== Segment start ==

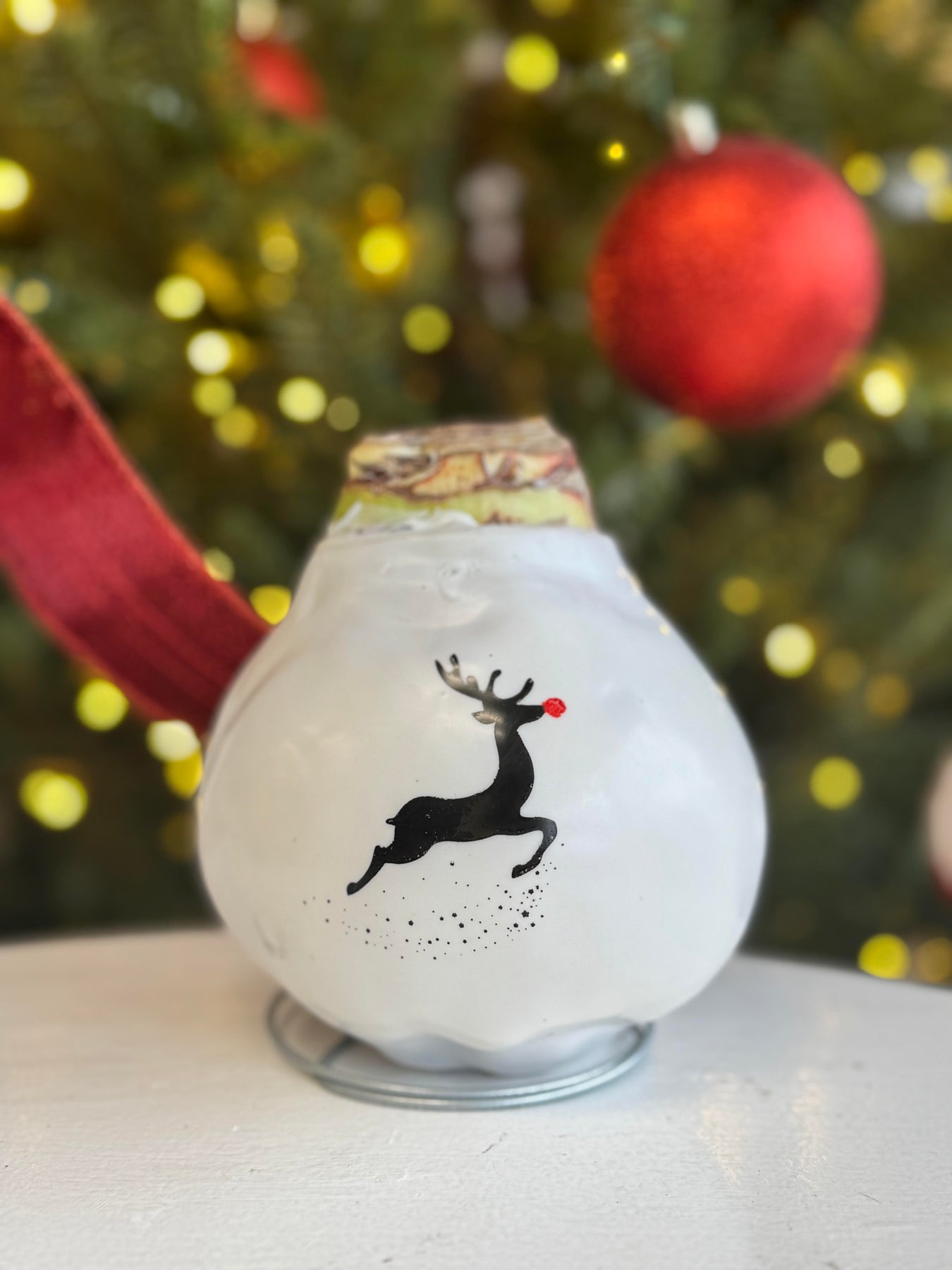 Amaryllis in White Wax with Reindeer
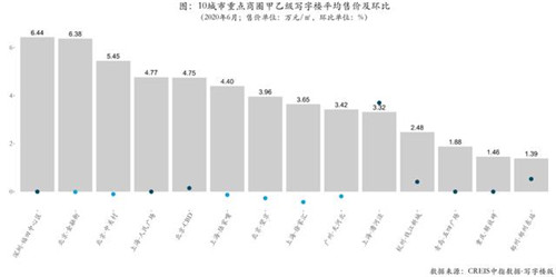 同比:6月,20個城市甲乙級寫字樓售價同比上漲。其中,成都同比上漲5.94%,重慶、長沙漲幅均超過4%,上海漲幅最低,為1.69%。
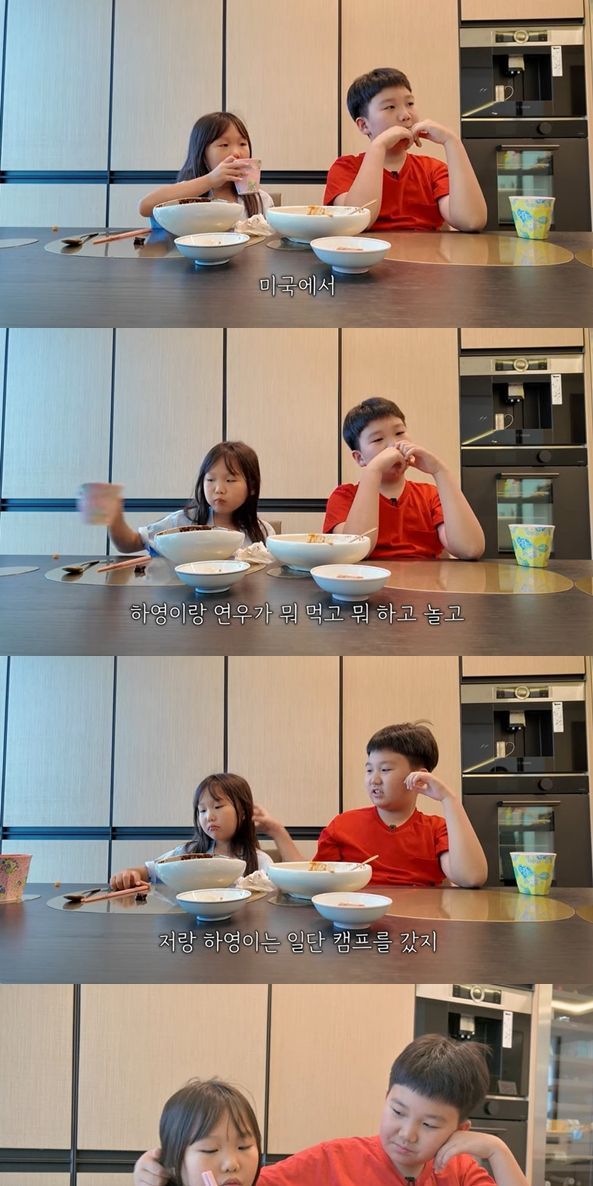 이에 아들 연우는 "일단 저랑 하영이는 캠프를 갔다"면서 동생에게 "그때 뭐 배웠냐"고 물었고, 하영은 "나는 거기서 안 배웠다. 놀았다"고 말해 눈길을 끌었다.
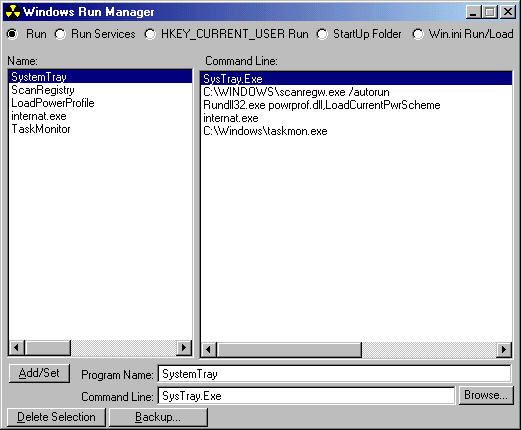 this application enumerates and allows you to modify the registery run, run services (under HKEY_LOCAL_MACHINE and HKEY_CURRENT_USER),
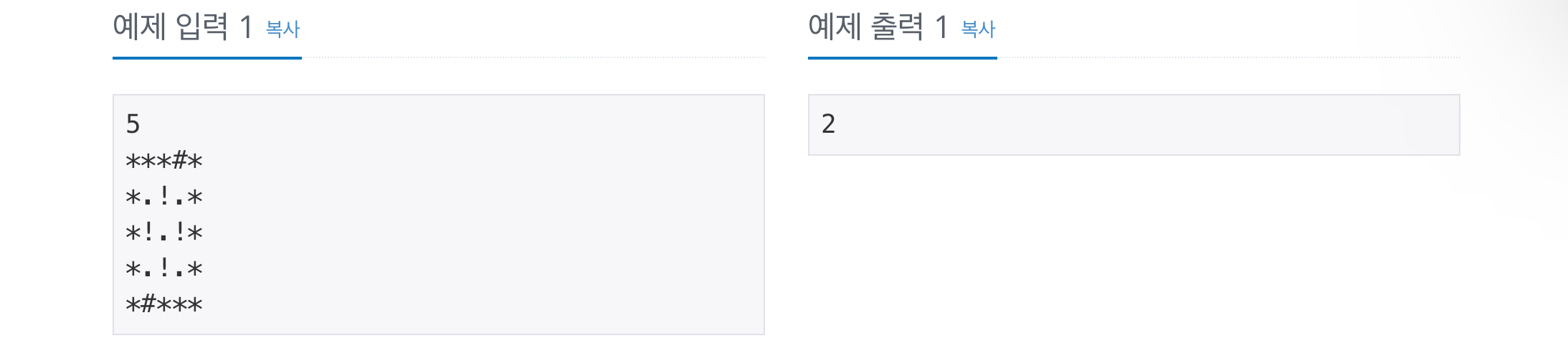 첫째 줄에 집의 크기 N (2 ≤ N ≤ 50)이 주어진다. 다음 N개의 줄에는 N개의 문자로 집에 대한 정보가 주어진다. ‘#’는 문이 설치된 곳으로 항상 두 곳이며, ‘.’은 아무 것도 없는 것으로 빛은
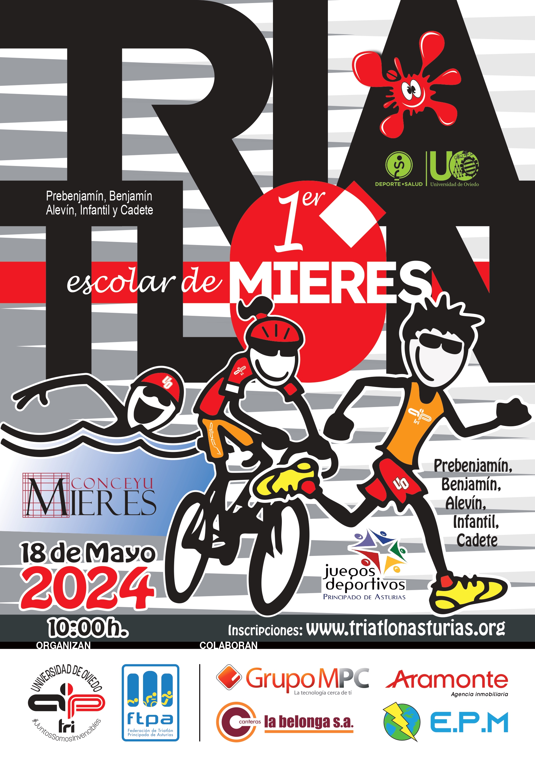 El Club APtri, junto a la Federación de Triatlón del Principado de Asturias organiza el I Triatlón Escolar de Mieres, el próximo 18 de mayo de 2024, dentro del marco de los Juegos Escolares del Principado de Asturias 2023/2024

== Segment end ==

Work instruction
The response must restate exactly the lines from the one containing "첫째 줄에 집의 크기" through the end of the records above and must leave out all pictures.

Output for this exercise
 첫째 줄에 집의 크기 N (2 ≤ N ≤ 50)이 주어진다. 다음 N개의 줄에는 N개의 문자로 집에 대한 정보가 주어진다. ‘#’는 문이 설치된 곳으로 항상 두 곳이며, ‘.’은 아무 것도 없는 것으로 빛은
 El Club APtri, junto a la Federación de Triatlón del Principado de Asturias organiza el I Triatlón Escolar de Mieres, el próximo 18 de mayo de 2024, dentro del marco de los Juegos Escolares del Principado de Asturias 2023/2024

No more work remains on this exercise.